Elias Lieberman (1888–1969) was a Russian-born, 20th-century American labor lawyer who spent his career in the service of the International Ladies Garment Workers Union (ILGWU) and became known as the "Dean of American Labor Lawyers."

==Background==
Elias Lieberman was born Elias Hillel Liberman on November 10, 1888, in Bobr, then Russian Empire, now Belarus, where he attended the Minsk yeshiva and high school. In 1909, he arrived in the US and worked various jobs while studying law. In 1920, he received an LLB in law from New York University.

==Career==
In 1913, Lieberman became deputy clerk of ILGWU Local 25. In 1915 or 1917, he became he became chairman of the ILGWU Local 25's Educational Committee, while Juliet Stuart Poyntz became education director of the Worker's University . In 1916, he became chief clerk. In 1918, he worked with the publication department.

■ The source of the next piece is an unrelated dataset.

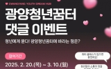 광양 전향윤 기자2025. 02.21[뉴스맘]광양시와 광양청년꿈터가 지역 청년들의 목소리를 직접 듣기 위해 오는 3월 10일까지 ‘양청년꿈터 댓글 이벤트’를 진행한다. 광양시에 거주하는 18세부터 45세까지의 청년이라면 누구나 이번 이벤트에 참여할 수 있다. 참여 방법은 간단하다. 먼저 광양청년꿈터 인스타그램을 팔로우하거나 네이버 블로그를 이웃 추가한 뒤, ‘광양청년꿈터에 바라는 점’ 게시글에 희망 프로그램이나 청년정책에 대한 의견을 댓글로 작성하면 된다. 이후, 팔로우 인증과 댓글 작성 화면을 네이버 폼으로 제출하면 참여가 완료된다. 휴대전화 번호당 1회…

In 1920, Lieberman became an attorney and counsel for the ILGWU (through the 1960s). In 1922, he was admitted to the New York Bar and Federal Bar. He also served as counsel for United Hatters, Cap and Millinery Workers International Union, the International Jewelry Workers' Union Local 1, United Furniture Workers of America, and International Ladies' Handbag, Pocketbook and Novelty Workers' Union among others.

Lieberman also joined The Workmen's Circle (now The Workers Circle), where he served as national executive (1931–1935) an vice president (1933–1935).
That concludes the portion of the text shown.